Dated this twenty-sixth day of April 2006
At The Hague
The Netherlands

[ Seal of the Tribunal]

1. Prosecution Submission concerning "Projet de lignes directrices destinees a regir l’admissibilite des elements de prevue," Order for Measures and Scheduling Order dated 23 February 2006, Prlic Response on Questioning by Accused and Prlic Request for Variance of Scheduling, 10 March 2006; Slobodan Praljak’s Submission concerning the Pre-Trial Judge’s 1 March 2006 “Draft Guidelines for the Admissibility of Evidence and to Ensure Efficient Conduct of the Proceedings," 14 March 2006; Joint Observations of the Defence for the Accuse Stojic and Petkovic regarding the Pre-trial Judge’s Draft Guidelines for the Admissibility of Evidence and to Ensure Efficient Conduct of the Proceedings, of 1 March 2006, 15 March 2006; Jadranko Prlic’s Submissions to the Trial Chamber’s Draft Guidelines for the Admissibility of Evidence and to Ensure Efficient Conduct of the Proceedings, 15 March 2006; Submission on behalf of Berislav Pusic regarding Draft Guidelines for the Admissibility of Evidence and to Ensure Efficient Conduct of the Proceedings, 15 March 2006; The Accused Valentin Coric’s Notice of Joinder to Jadranko Prlic’s Submissions to the Trial Chamber’s Draft Guidelines for the Admissibility of Evidence and to Ensure Efficient Conduct of the Proceedings, 16 March 2006 .

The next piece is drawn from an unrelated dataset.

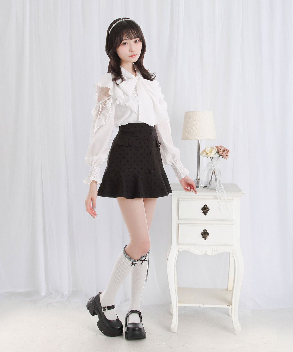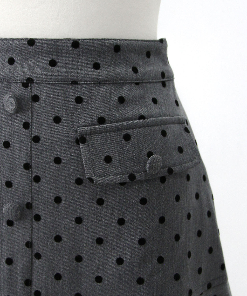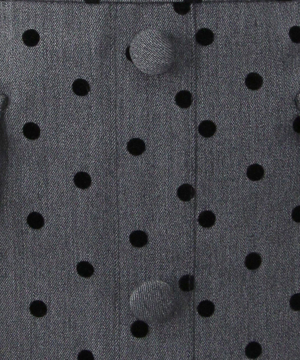 クラシカルなドット柄が目を惹く、ショートジャケットとミニスカートのセットアップ。

2. For example, the plan requests an assurance from the Trial Chamber on the position that will be taken by the Appeals Chamber on the sufficiency of evidence. See Transcript (12 April 2006), T.637.
3. On the basis of 6 weeks per year of court recess time.
4. This does not limit the obligations of the parties to provide all documents and other material intended to be offered as evidence at trial to the Registry for entering into the e-court system, as outlined in the Provisional Practice Direction on the Application of an Electronic Court Management System, IT/239 Rev. 1, 6 October 2005.